Let $\{e_\mu\}$ be a base for vectors and $\{\omega^\mu\}$ for dual vectors that we write
$e_\mu=e_\mu^i\frac{\partial}{\partial x^i}$ and $\omega^\mu=\omega_\mu^id x^i$ with $e_\mu^i\omega^\nu_i=\delta^\nu_\mu$ (and $i$, $j$ coordinate components).
Further we have the commutator rule $[e_\mu,e_\nu]=\gamma_{\mu\nu}^\rho e_\rho$ with $\gamma_{\mu\nu}^\rho$ the commutator components.
My questions is
What are these $\gamma_{\mu\nu}^\rho$?
I want to prove the identity $$e_\mu^ie_\nu^j\frac{\partial\omega^\sigma_j}{\partial x^i}-e_\nu^ie_\mu^j\frac{\partial\omega^\sigma_j}{\partial x^i}=-\gamma_{\mu\nu}^\sigma,$$ but I don't know where to start if I don't know what these $\gamma$ are.

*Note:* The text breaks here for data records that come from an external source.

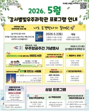 서울 강서구(구청장 진교훈) 강서별빛우주과학관(관장 심재현)은 5월 어린이날과 우주항공주간을 맞아 어린이부터 성인까지 온 가족이 함께 우주의 신비를 즐길 수 있는 특별 프로그램을 운영한다. 이번 프로그램은 ▲어린이날 기념 로켓 만들기 ▲우주항공주간 기념행사 ▲정기 천문 교육 등 다채롭게 구성됐다. 먼저 5월 2일에는 어린이날을 기념해 '나도 로켓박사가 될래요, 로켓 만들기(누리호)' 체험이 열린다. 어린이와 보호자가 한 팀을 이뤄 로켓의 기본 원리를 배우고, 직접 만든 로켓을 쏘아보며 과학적 호기심을 키운다. 5월 23일에는 우주항공청 개청에 따라 지정된 '우주항공의 날(5월 27일)'을 기념하는 주간 행사가 이어진다. 오전 10시부터 오후 5시까지 과학관 앞마당에서는 우주 전문 서적부터 그림책까지 비치한 야외도서관이 열린다. 오후 2시에는 한국항공우주연구원 김현준 우주발사체 선임연구원이 직접 나서 '로켓을 만드는 사람들'을 주제로 우주발사체 개발 현장의 생생한 이야기를 들려준다. 이어 오후 4시엔 우주개발사에 한 획을 그은 여성 과학자 3인의 실화를 담은 영화 '히든 피겨스' 상영회가 열리며, 오후 8시부터 1시간 동안은 천체망원경으로 밤하늘을 직접 관측하
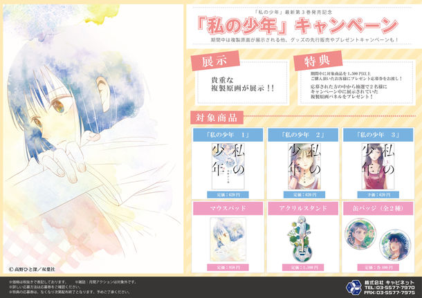 高野ひと深「私の少年」3巻が7月12日に発売されることを記念したキャンペーンが、東京・アニメイト池袋本店で開催される。
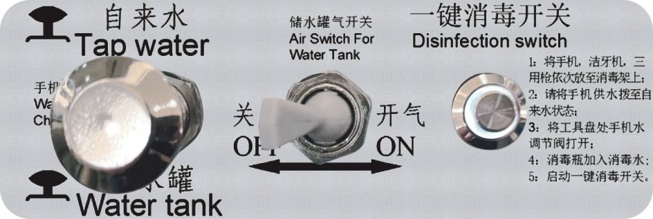 -Dental unit will be powerd off automaticly after disinfection. Easy and assured, one-click disinfection, free control, reliable, safe and effective.
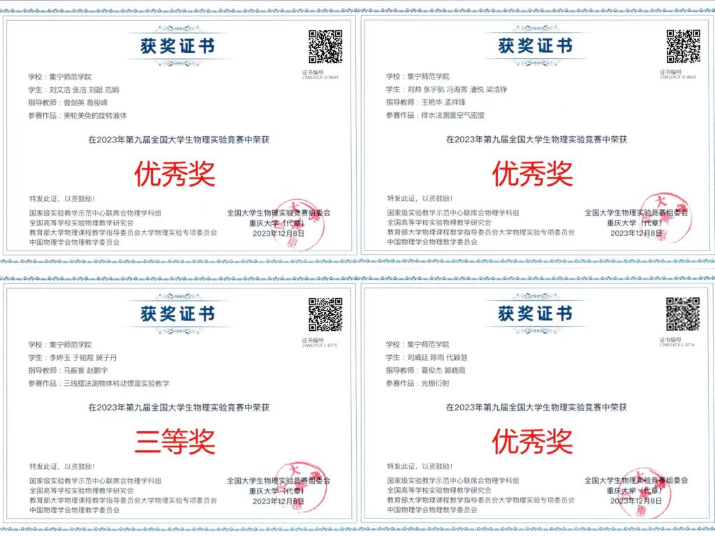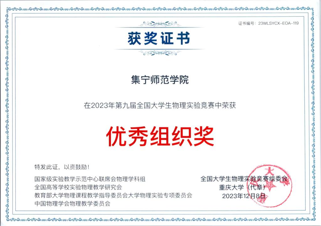 近日,第九届全国大学生物理实验竞赛结果公布,我院学生获得三等奖1项、优秀奖3项,世界杯官网获得优秀组织奖。
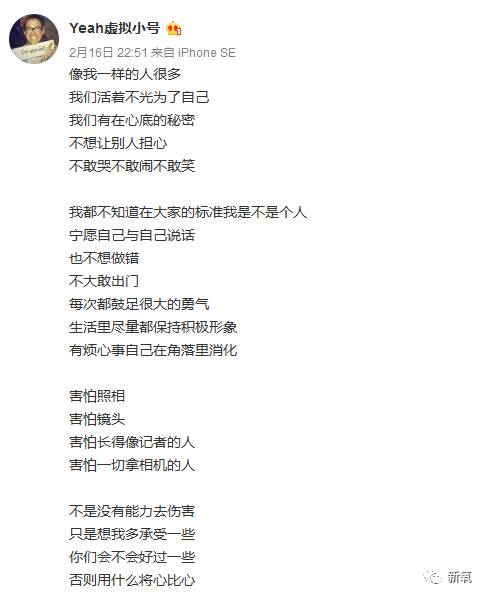 尽管她小号昨天更新的最后一条微博说自己一直“不敢哭不敢闹不敢笑”。
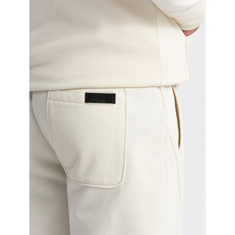 Férfi pamut pulóver szett BASIC cipzáras pulóver + melegítőnadrág - krém színű
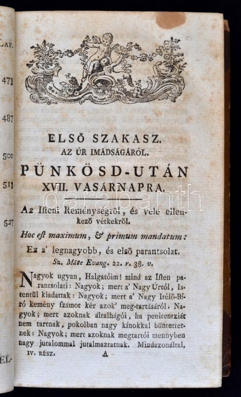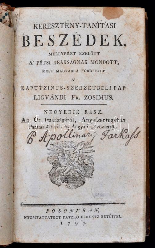 Ligvándi Fr. Zosimus: Keresztény-tanítási beszédek, mellyeket ezelőtt a' pétsi deákságnak mondott, most magyarra fordított a' kaputzinus-szerzetbéli pap Ligvándi Fr. Zosimus. Negyedik rész. Az Úr Imádságáról, anyaszentegyház parantsolatiról, és angyali üdvözletről. Po'sonyban, 1797, nyomtattatott Patzkó Ferentz betűivel. Korabeli, aranyozott gerincű, egészbőr kötésben, 8+536+4 p. A címoldalon B. Apollinary Farkafs. beírással. A borítója foltos, kopott. A lapok foltosak. Az elülső védőlap szakadt.
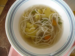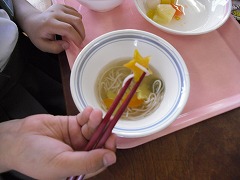 実は、そのそうめんの中に星形の人参(にんじん)と星形の大根が入っていたのです。これは、一つのクラスに数個しかないので、誰に入っているのかわかりません。そのため気づいてない子も多いかも・・・。
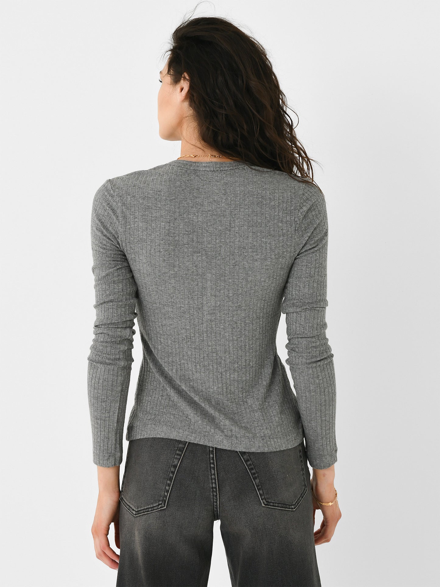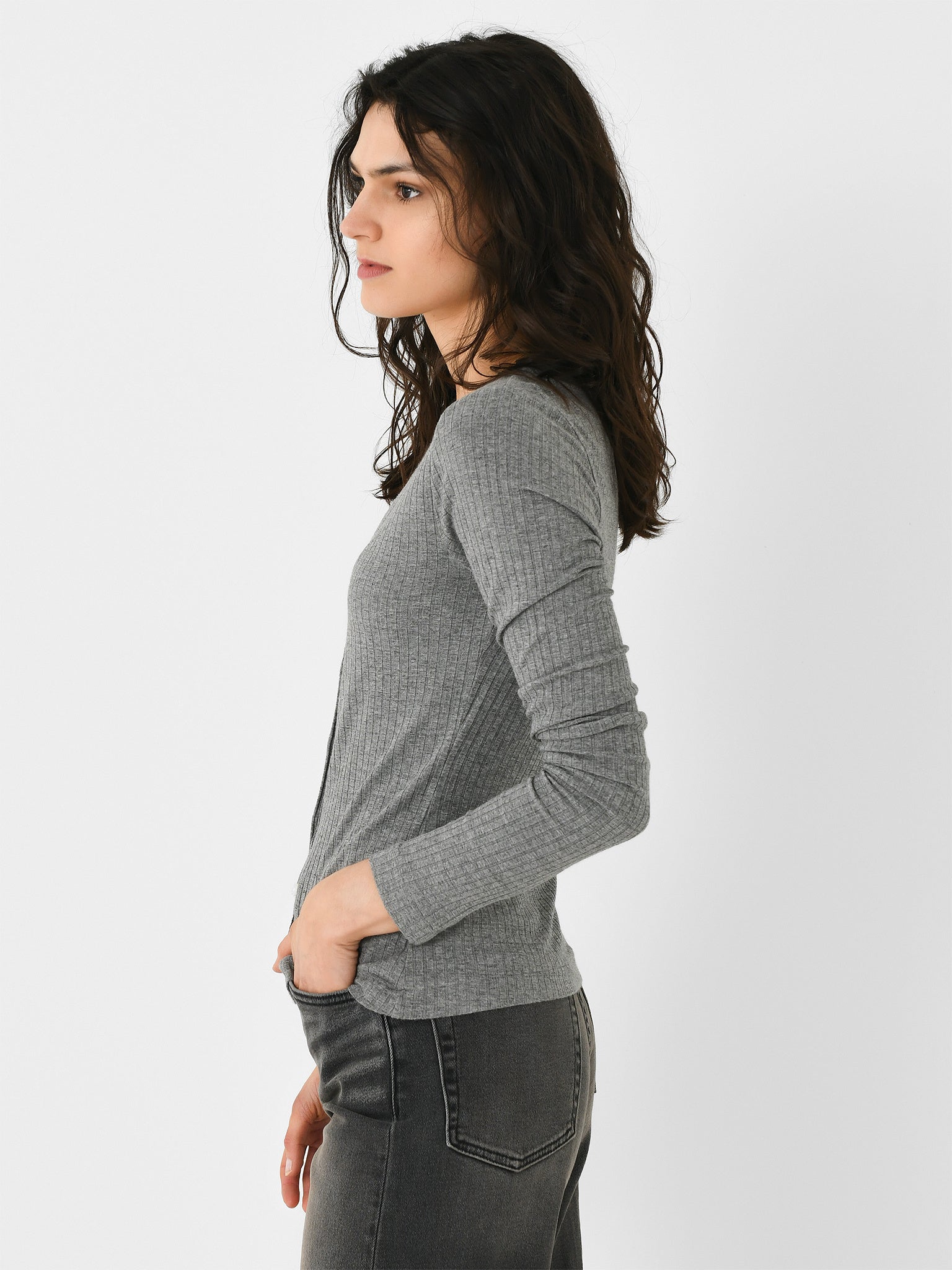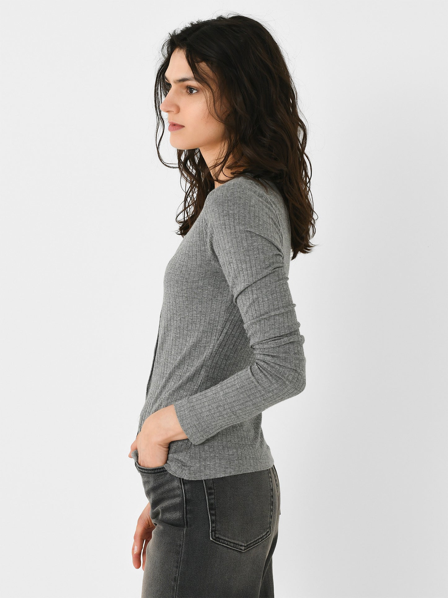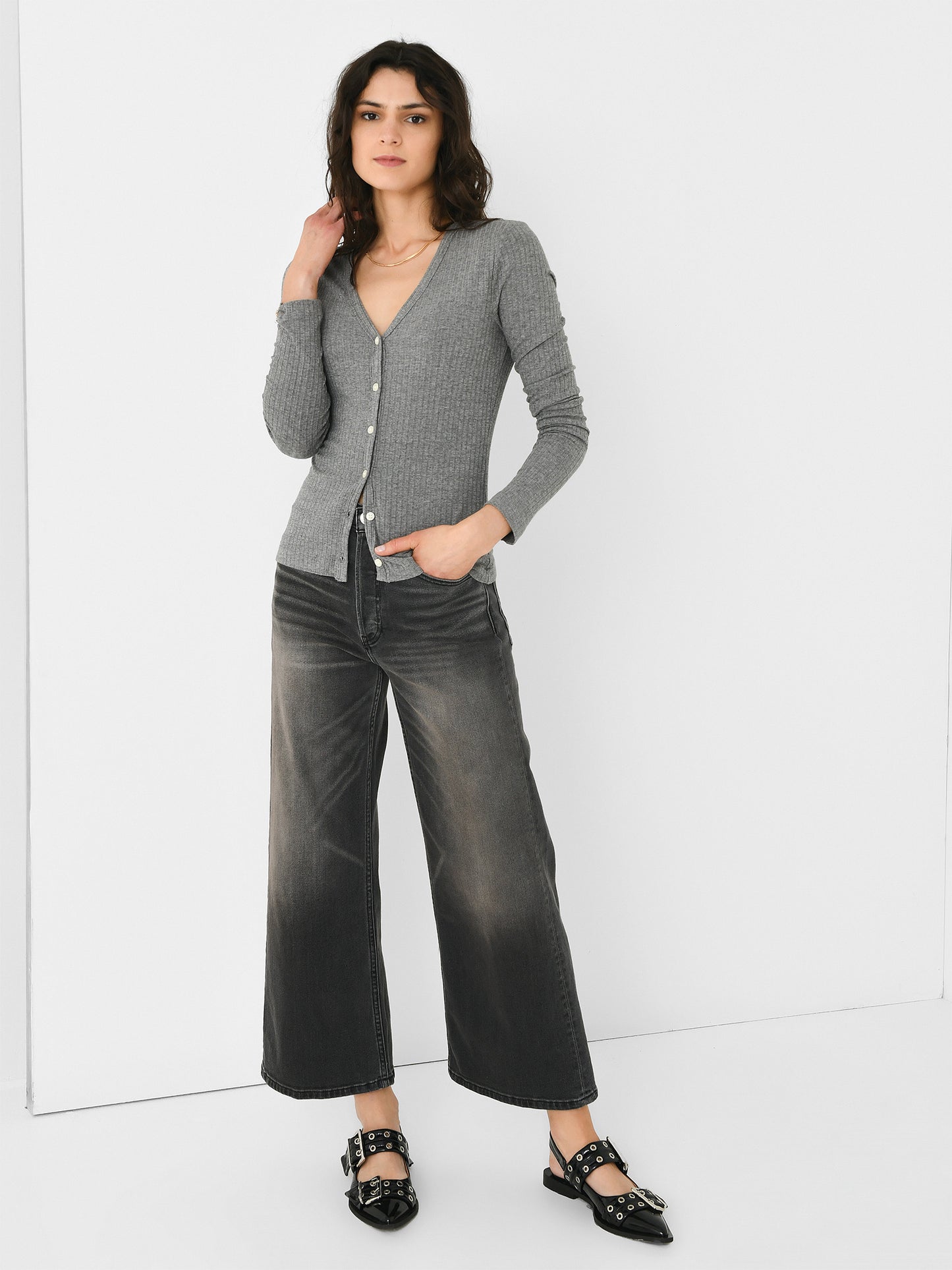 A form-fitting cardigan made from ultra-soft ribbed knit fabric.
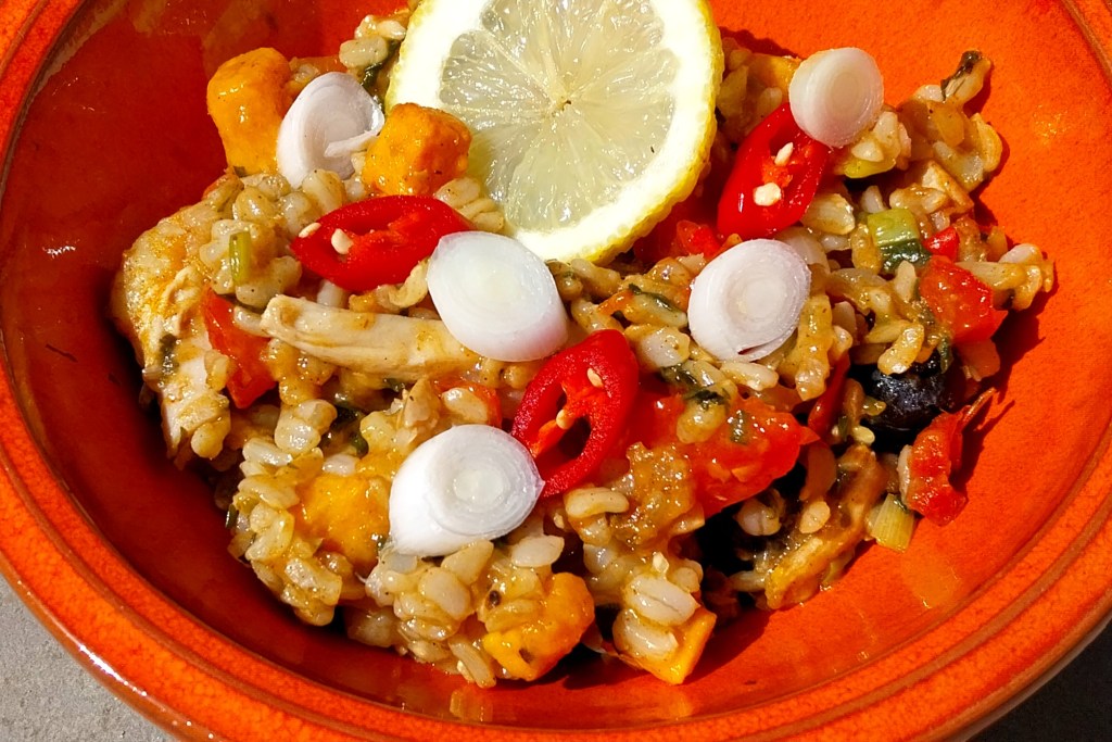 In this dish I’ve combined it with some leftover roast chicken, chicken stock, veg and brown rice to make a tasty bowl of sticky, fiery deliciousness. You can see from my photo above that I’ve garnished it with chopped red chilli and scallions, and a slice of fresh lemon.
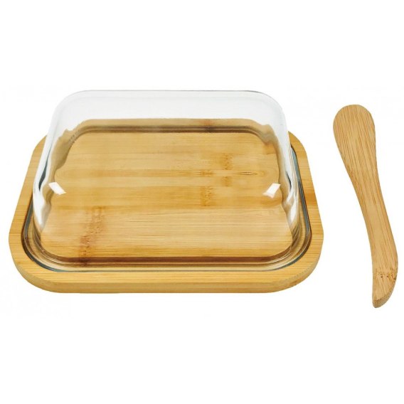 Szklana maselniczka z bambusową pokrywą. W zestawie konturowany nożyk do smarowania wykonany z drewna bambusowego. Pokrywa z bezbarwnego szkła borokrzemowego (nie zawiera BPA i ołowiu). Bambusowa pokrywa jest odporna na zarysowania i może służyć jako deseczka do krojenia masła czy serów.
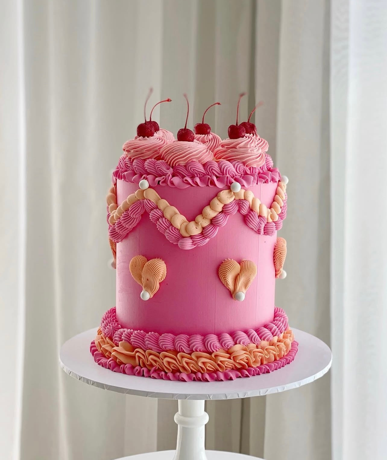 Medium (6in) = 3 layers of cake (serves 14-26)
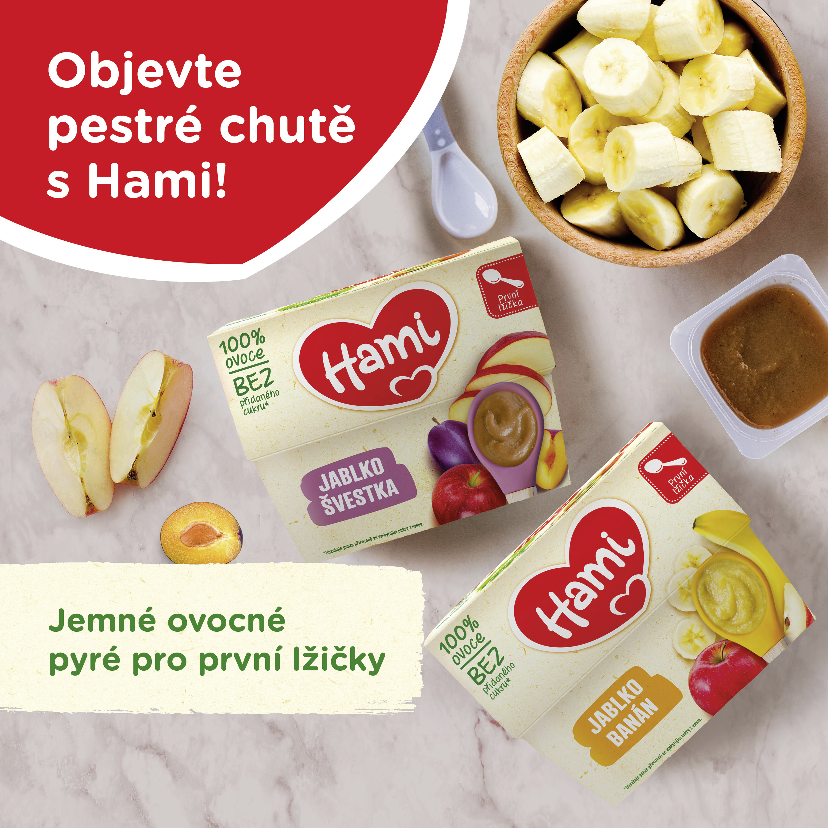 Hami 100% ovoce je lehká a chutná svačinka pro Vaše dítě. Je vyrobená z vysoce kvalitního ovoce, bez přídavku cukru* a bez konzervantů**. Víte, že? Každý kelímek obsahuje 1 jablko a 1/3 banánu. Ovoce bylo navíc sklizeno ručně.

Starting on the left, $$ e_{\mu}^i e_{\nu}^j \frac{\partial \omega^{\sigma}_j}{\partial x^i} - e_{\nu}^i e_{\mu}^j \frac{\partial \omega^{\sigma}_j}{\partial x^i} = e_{\mu}^i \frac{\partial }{\partial x^i} (e_{\nu}^j\omega^{\sigma}_j) - \omega^{\sigma}_j e_{\mu}^i \frac{\partial e_{\nu}^j }{\partial x^i} - e_{\nu}^i \frac{\partial }{\partial x^i} (e_{\mu}^j\omega^{\sigma}_j) + \omega^{\sigma}_j e_{\nu}^i \frac{\partial e_{\mu}^j}{\partial x^i} \\ = 0 - \omega^{\sigma}_j \left( e_{\mu}^i \frac{\partial e_{\nu}^j }{\partial x^i} - e_{\nu}^i \frac{\partial e_{\mu}^j}{\partial x^i} \right), $$ using that $e_{\nu}^j \omega^{\sigma}_j = \delta^{\sigma}_{\nu}$ is constant, and the bracket is the coordinate expression of the Lie bracket, $[e_{\mu},e_{\nu}]^j$.